___ Records for the task
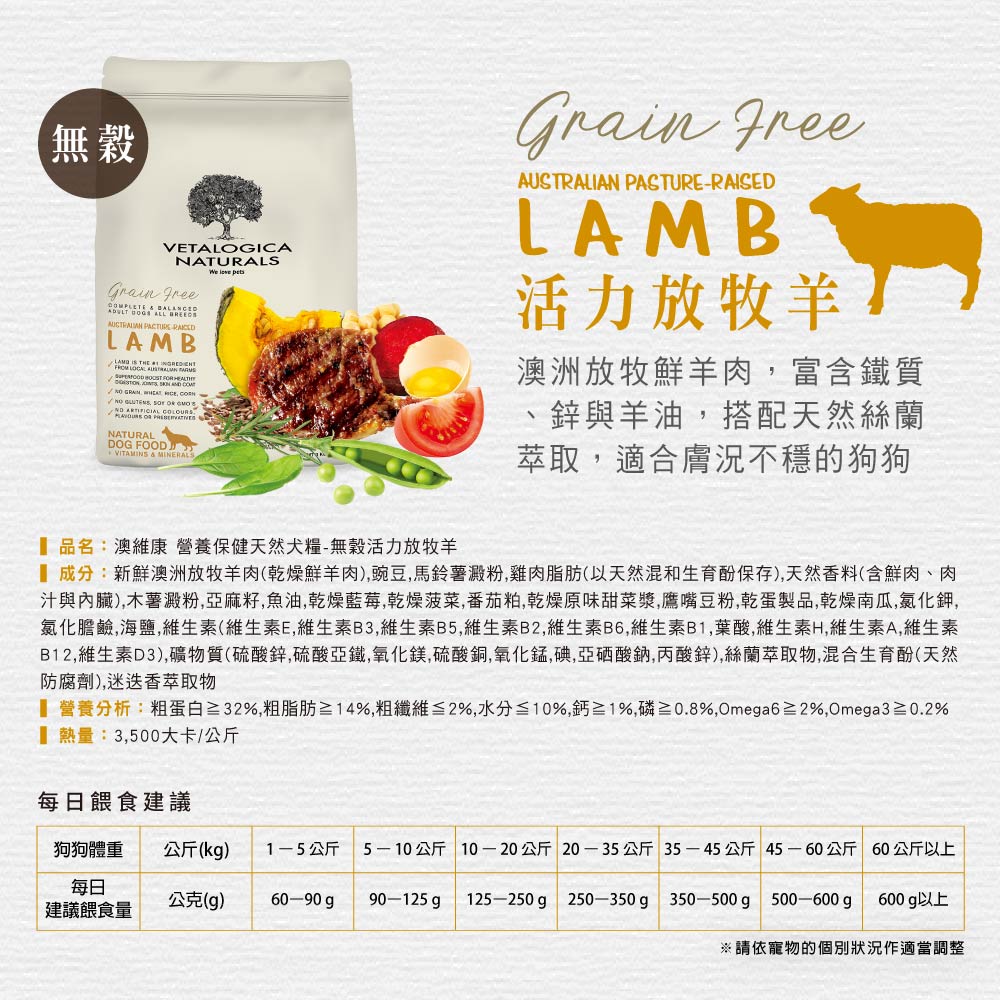 【Vetalogica澳維康】 活力放牧羊 營養保健天然狗糧3kg
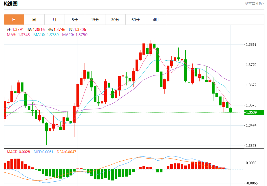 技术点评:跌破1.3565,为空头信号,向下的目标将会是1.3520。
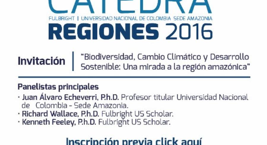 El próximo 18 de noviembre se llevará a cabo la Cátedra Fulbright Regiones 'Biodiversidad, Cambio Climático y Desarrollo Sostenible: Una mirada a la región Amazónica' en la ciudad de Leticia. El evento, organizado con el apoyo de la Universidad Nacional Sede Amazonía, tendrá lugar en el Auditorio Victoria Amazónica de 8:00a.m. a 6:30p.m. y contará con la participación de panelistas expertos como Juan Álvaro Echeverri, Profesor titular de la Universidad Nacional; Richard Wallace, becario Fulbright U.S. Scholar y Profesor Asistente de California State University; Kenneth Feely, becario Fulbright U.S. Scholar y Profesor Asistente de University of Florida.
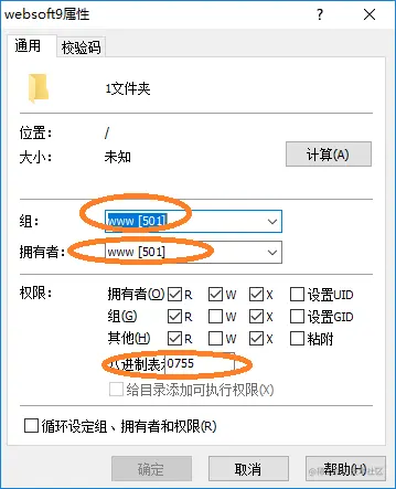 循环设定组、拥有者和权限建议打钩,这样当前文件夹以下的目录都会生效。
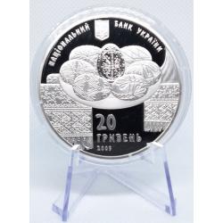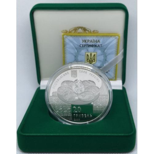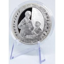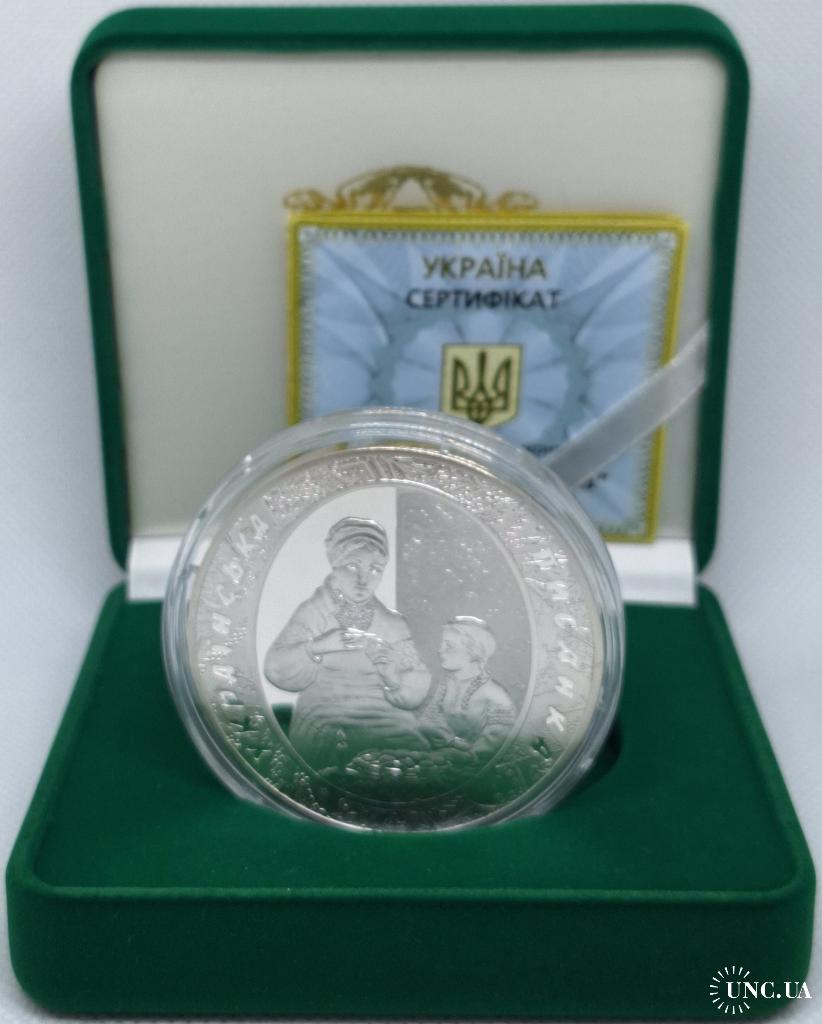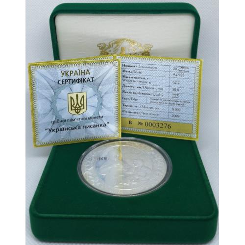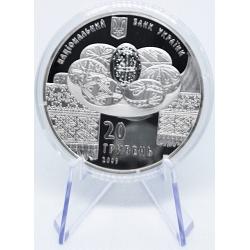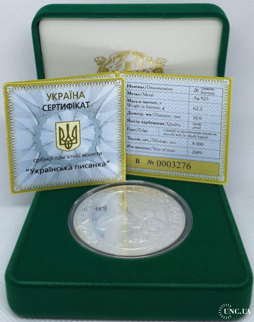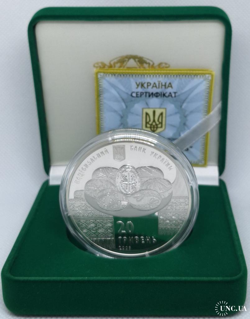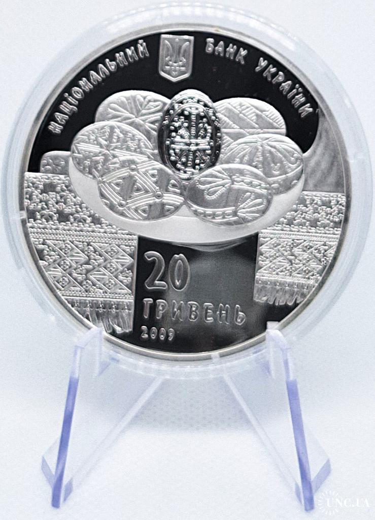 На аверсі монети розміщено: угорі - малий Державний Герб України, напис півколом НАЦІОНАЛЬНИЙ БАНК УКРАЇНИ, на тлі рушників зображено композицію - на тарілі писанки, оздоблені геометричним і рослинним орнаментами, притаманними різним областям України, під якою напис 20/ГРИВЕНЬ/ 2009.
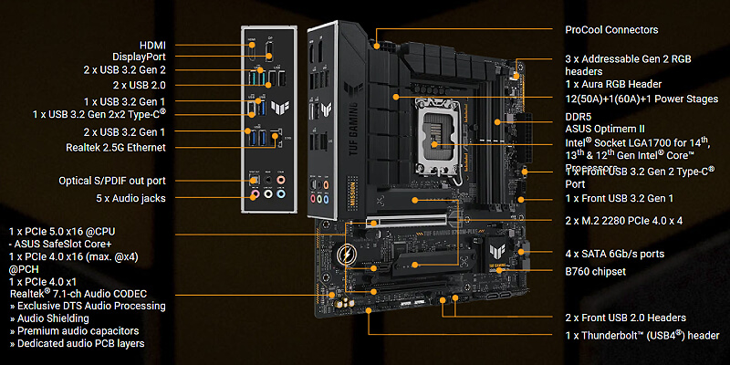 לוח האם TUF GAMING B760M-PLUS מאחד את כל המרכיבים החיוניים של מעבדי Intel העדכניים עם תכונות גיימינג מתקדמות ועמידות מוכחת.
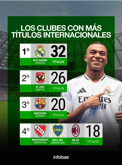 Tras el título de Real Madrid, así quedó la tabla histórica de clubes más ganadores del mundo: Boca e Independiente, en el Top 5
______
▶ **Work item**: Find the line containing "На аверсі монети" in the records above and restate it, and each line after it through the end, word for word, dropping the pictures.

▶ **Written reply**:
 На аверсі монети розміщено: угорі - малий Державний Герб України, напис півколом НАЦІОНАЛЬНИЙ БАНК УКРАЇНИ, на тлі рушників зображено композицію - на тарілі писанки, оздоблені геометричним і рослинним орнаментами, притаманними різним областям України, під якою напис 20/ГРИВЕНЬ/ 2009.
 לוח האם TUF GAMING B760M-PLUS מאחד את כל המרכיבים החיוניים של מעבדי Intel העדכניים עם תכונות גיימינג מתקדמות ועמידות מוכחת.
 Tras el título de Real Madrid, así quedó la tabla histórica de clubes más ganadores del mundo: Boca e Independiente, en el Top 5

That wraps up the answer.